Hidden Valley High School is a public high school in Roanoke County, Virginia. It is one of the five high schools in the Roanoke County Public Schools system. The other four high schools which serve Roanoke County are Cave Spring High School, Glenvar High School, Northside High School and William Byrd High School.

History

Hidden Valley High School was opened for the 2002–03 school year by Roanoke County public schools in response to overcrowding at Cave Spring High School. Enrollment at Cave Spring was limited to grades 10–12 in contrast to the contemporary educational preference to house grades 6–8 in middle school and grades 9–12 in high school. Hidden Valley was the first new high school opened in the immediate Roanoke Valley because of increased enrollment since the 1960s. There was significant debate about whether to split Cave Spring's student population into two schools or keep it intact in a renovated or newly constructed building because of the school's well-regarded reputation in academics. Eventually, Roanoke County decided to build a second high school for southwest county.
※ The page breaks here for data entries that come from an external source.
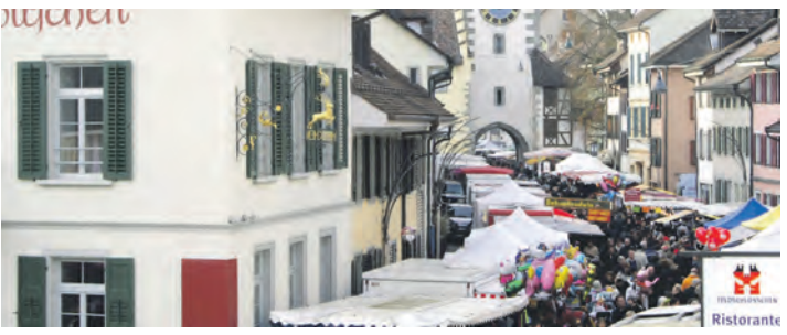
Ein richtig großes Marktgetümmel gab es in der Altstadt von Diessenhofen, als die Sonne sich am Sonntag zum Martinimarkt blicken ließ.
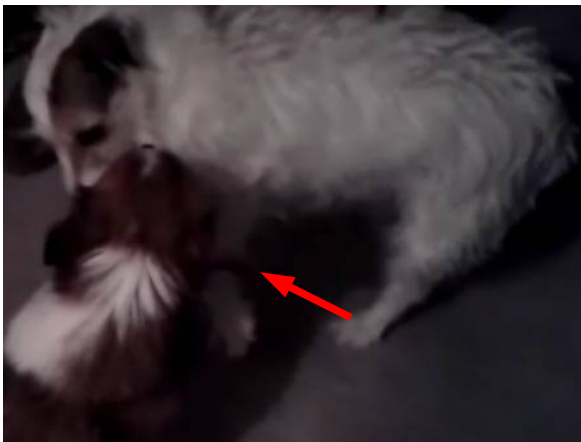
Lever la patte
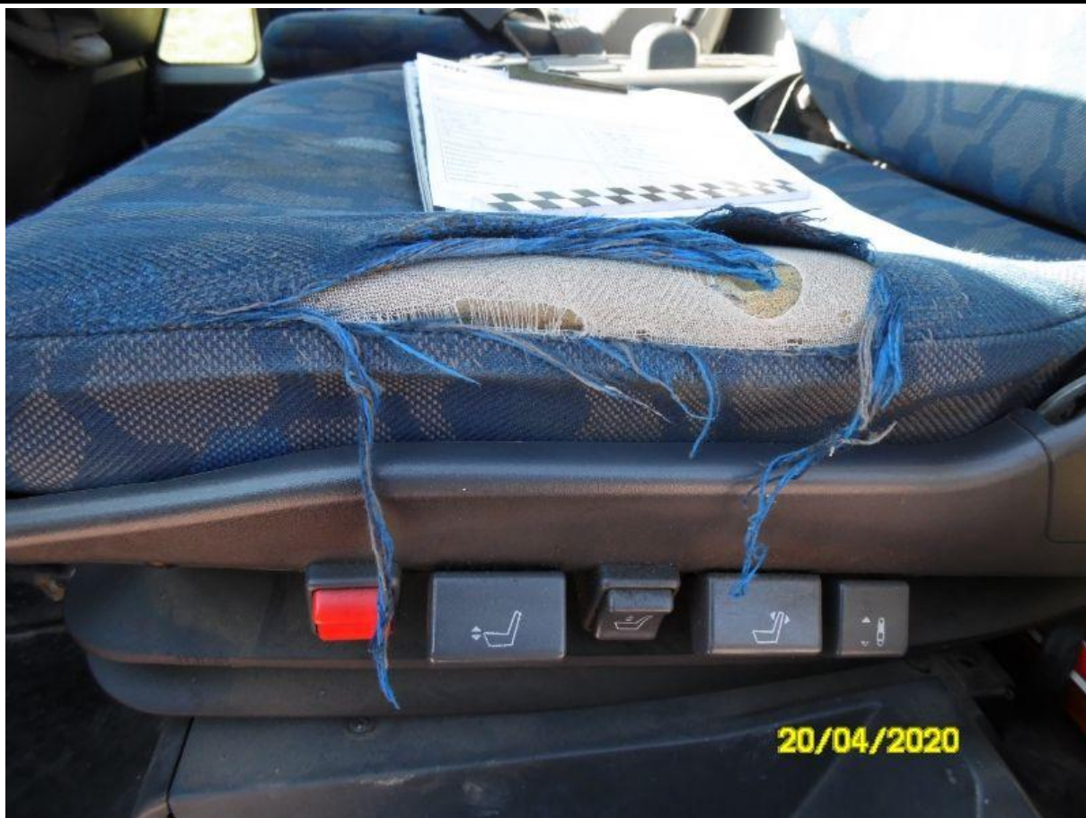
Fot. nr 65
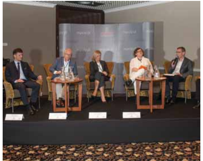
Konferencja Architektów w Krynicy - 15-16.11.2019 r.
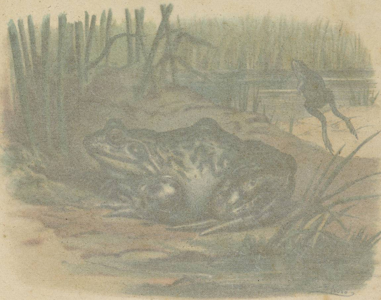
LA RANA MUCIDORA
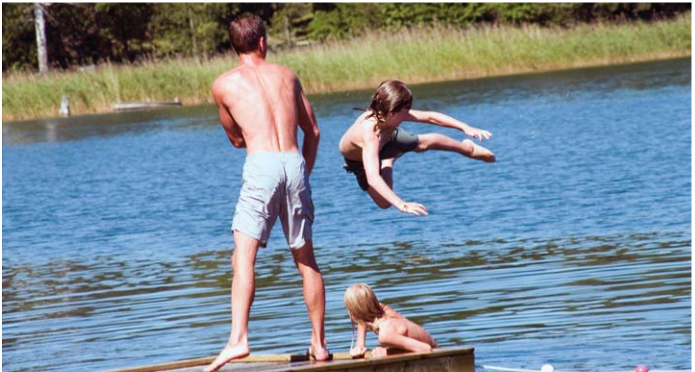
Lek och staj för de äldre barnen på simskolan vid Breviksbadet.

Dyviks lövängar - kontakta Harald Berg, 08-770 70 61
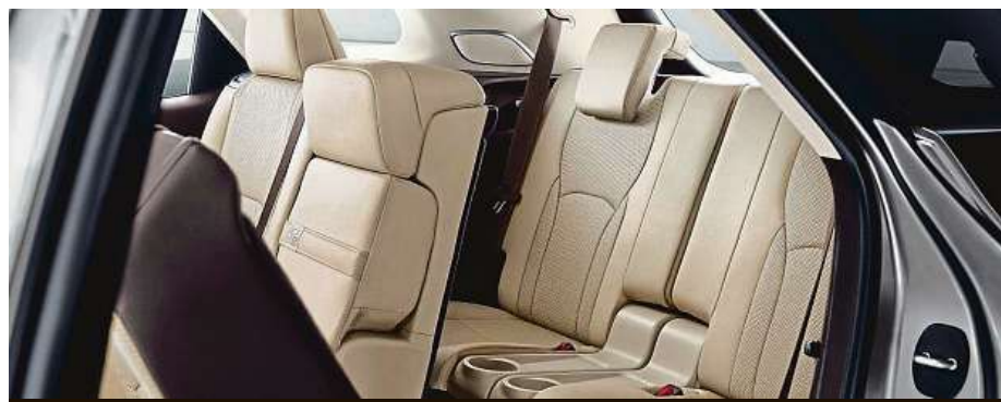
Na designu interiéru se podíleli odborníci z Yamahy.
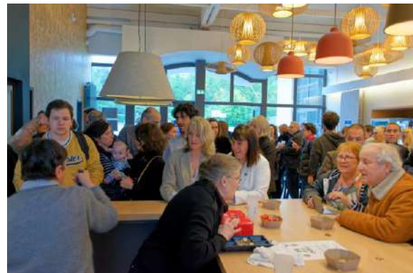
Espace Hannah Arendt
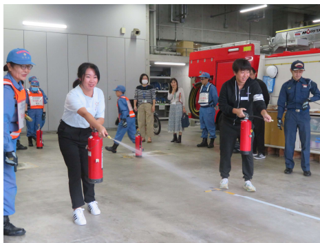
การอบรมอุปกรณ์ดับเพลิง

The name Hidden Valley was selected to correspond to Hidden Valley Middle School in southwest county.  The high school is not in the Hidden Valley section of Roanoke County and is a little over  from the middle school.  Woods End, the designation for the tract of land, was also considered for the new school's name.  The incoming student population selected the nickname Titans in response to the film Remember the Titans which dramatized the 1971 state-championship football team from T. C. Williams High School of Alexandria, Virginia which was released two years earlier.

Academics

Hidden Valley High School is a comprehensive high school which includes grades 9–12 with a student enrollment of 1,211. The school offers courses in multiple academic disciplines including Advanced Placement courses. The core classes provided include English, social studies, health/PE, math, and science. Specialty classes are also provided and include art, business, computer science, foreign language, marketing, music, technology education, and theater arts. Specialized arts and vocational education is available at places like Arnold R. Burton Technology Center in Salem, or the Roanoke Valley Governor's School for Science and Technology in Roanoke. Pass rates for Virginia's Standards of Learning tests average over 90%, which makes the school fully accredited.
Hidden Valley High formerly housed the Specialty Center for Mass Communications, until it was moved to The Burton Center for Art and Technology in the 2006–07 school year.

Statistics
Enrollment:
 292 freshmen
 247 sophomores
 293 juniors
 177 seniors  
Lunch programs:
 4% of the students are eligible for free lunches
 3% are eligible for reduced price lunches

Athletics

In 2003–04, Hidden Valley's men's varsity tennis team won its first state championship by defeating the Blacksburg Bruins. Hidden Valley has had a relatively successful tennis program every year since.

Band programs

Approximately 20% of the student body are involved in band programs at the school. There are three instrumental music classes during the school day: the concert band, symphonic band, and the wind ensemble. The three bands have earned an "Excellent" and "Superior" at the annual Virginia Band and Orchestra Directors Association (VBODA) concert festival. Also provided are morning and afternoon jazz bands, a morning instrumental ensemble (cancelled in 2010–11 due to under-enrollment), and the school's "Mighty Titan Marching Band". The marching band consists of over 200 members, a Class 5A band, and is one of the largest in the state. It has earned both "Excellent" and "Superior" ratings at the annual VBODA marching festival, including a "Superior" from all 5 judges in 2006. Other musical programs offered by the school include music theory and choir.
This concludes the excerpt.